Garlic scapes are the edible stalk of the flower or seed pod of garlic. They grow up from the leaves in early summer and should be cut once they curl to allow all the nutrition from the soil to be diverted to the bulb or garlic cloves. The young tender scapes have a mild garlic flavor.
Being from the garlic plant, the scapes have similar nutrients to garlic itself. Notably, the sulfur containing compounds such as allyl sulfides which are responsible for improving immune function and fighting colds, cancer prevention, particularly of the GI tract, and heart health benefits such as lowering blood pressure and cholesterol and reducing platelet aggregation. The phytochemicals act as antioxidants, tumor suppressants and detoxifying agents. Chopping and crushing garlic scapes activates the allinase enzyme which sets a series of chemical reactions in motion that produce these health benefits. One scape contains 5 kcal and is a source of vitamin C, folate and vitamin K.

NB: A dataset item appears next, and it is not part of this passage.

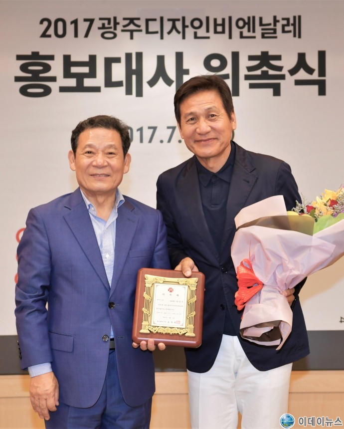 윤장현 광주광역시장이 5일 오후 시청 3층 비즈니스룸에서 열린 '2017 광주디자인비엔날레 명예홍보대사 위촉식'에 참석해 배우 안성기 씨에게 위촉패를 전달한 뒤 기념촬영을 하고 있다.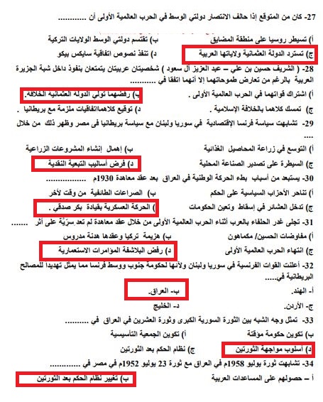 - حل امتحانات التاريخ للثانوية العامة

Scapes can be stored in the fridge for 3 weeks in a loose plastic bag or can be frozen without blanching.
There are many ways to use garlic scapes. Raw, they can be blended into a pesto with basil or cilantro and pistachios or hazelnuts, olive oil and sea salt. The pesto can be used as a marinade for chicken or lamb or in a salad dressing for potato salad with snap peas and hard-boiled egg. Garlic scapes are delicious grilled on the BBQ with olive oil and salt or added to stir fry. Eating parsley with or after garlic and their scapes may help improve your breath.